"Хоть бы центрифуга остановилась!" — подумал я. Вращения я больше не замечал, но внутри у меня все кружило.
— Чужак! К какому классу относится оружие ЭКЗО-скелет? — спросил Квадратный Великан; глаза и рот у него превратились в узкие щелочки. — И следи за выражениями — ты беседуешь с культурной дамой!
— Культурная дама! — пророкотал я ядовито. — Из чана с питательными водорослями вся ее культура! Да как, квашеные твои мозги, смеете вы с этой дурехой говорить о культуре, если путаете планеты и космические топки, не знаете, где Канада, не понимаете потребностей худяка на планете с естественным тяготением и понятия не имеете об общеизвестных протезных приспособлениях?

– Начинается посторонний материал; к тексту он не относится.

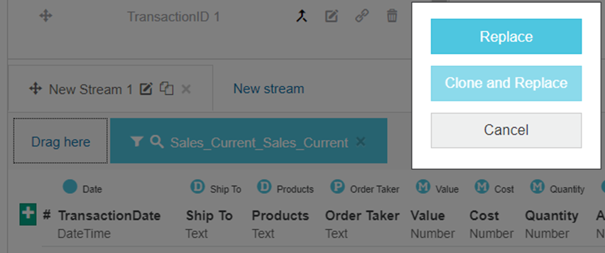 The Clone and Replace option allows you to apply existing mappings to new items that you add to a stream. The items must have the same structure. This option is particularly useful if your design contains a lot of mappings or transform columns that take a long time to set up.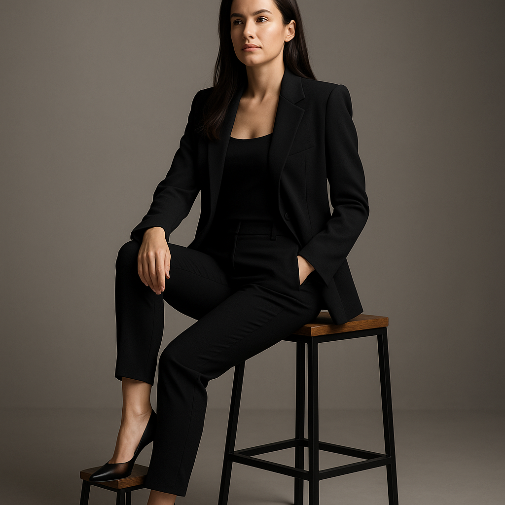 Using my uploaded photo as the base, recreate a full body portrait of a woman seated on a tall wooden bench with a black metal frame in a minimalist studio with a neutral grey background. Preserve the framing to capture the entire body with a slight distance to emphasize posture and clean environment. The model’s right leg is bent and resting on the bench step, the left leg gracefully touches the floor wearing black high-heeled shoes with translucent details. Outfit is fully black and elegant: structured blazer draped over shoulders, fitted tailored trousers, and a black top underneath, embodying strength, style, and professionalism. Hair is down, neatly styled, softly falling over shoulders. Expression is confident, gaze slightly to the side conveying power and serenity. Use soft, directional studio lighting to create balanced contrast highlighting fabric texture and facial contours. Background remains smooth with subtle grey gradient, distraction-free to keep focus on the model. Style is modern corporate editorial, realistic, professional photographic, refined magazine-quality composition. Vertical format (1080×1920), portrait ratio, premium photo quality, cinematic lighting, sophisticated tone. Include SEO keywords: ultra realistic photography, editorial portrait, fashion photography, corporate editorial style, cinematic lighting, premium photo quality, full body portrait, studio photography, professional model, neutral grey background, high fashion look, photorealistic render, 8K quality, sharp focus, clean composition, luxury aesthetic, modern fashion branding, AI image generation prompt.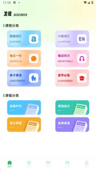 1、在首頁中提供了四级词汇、六级词汇、每日一句、每日听力、亲子英语、留学必备以及课程分类信息;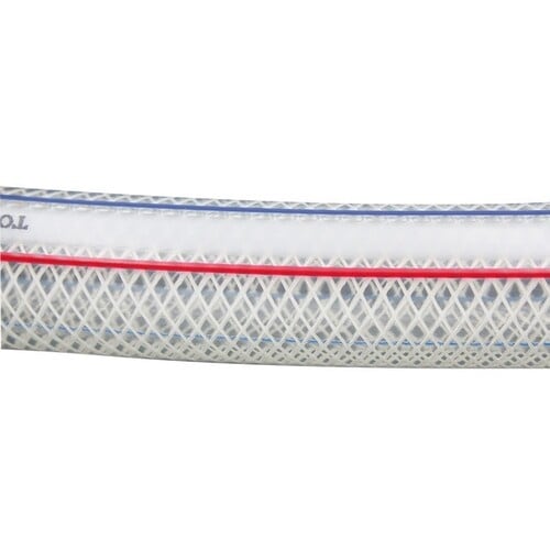 【耐油ホース】一般的な塩ビホースに比べ耐油性が良く硬化しにくい耐圧ブレードホースです。油だけでなく水・薬品・エア等様々な流体で使用可能な多目的耐圧ブレードホースです。 |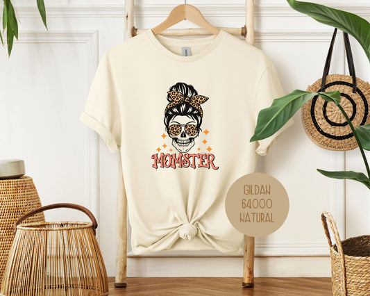 Momster Skeleton Leopard Messy Bun Halloween Shirt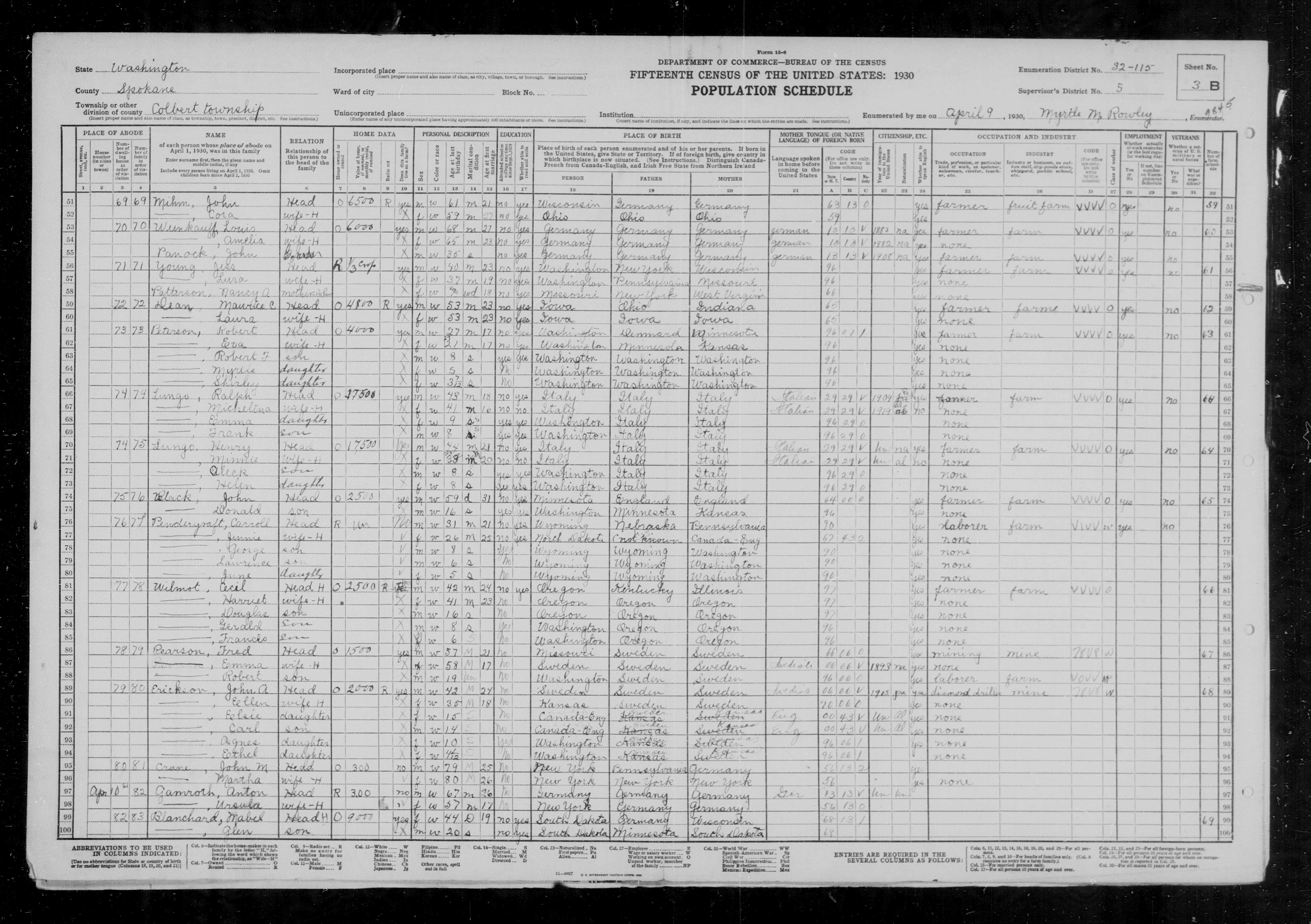2221. “United States Census,” 1930, WA, Spokane, Colbert, 3B, 5, 32-115, T626, 2513, 9845, 905, Bureau of the Census, US Dept. of Commerce, United States of America, April 9, 1930, Myrtle M Rowley.

Великанша разревелась. Складки страха на лбах карликов стали глубже, их сальные волосы зашевелились, а боевые мышцы напряглись.
Квадратный выхватил из-за пояса молниевый пистолет, который, как я знал, мог меня парализовать или изжарить, в зависимости от мощности, на которую его поставят.
— Чужак, сдай свой ЭКЗО-скелет, не ставя его на боевой взвод. И все прочее оружие, которое прячешь под этим черным серапе. На границе нашей республики конфискуется все вплоть до перочинных ножей и шпилек. Квитанции получишь. Но остерегись быстрых движений!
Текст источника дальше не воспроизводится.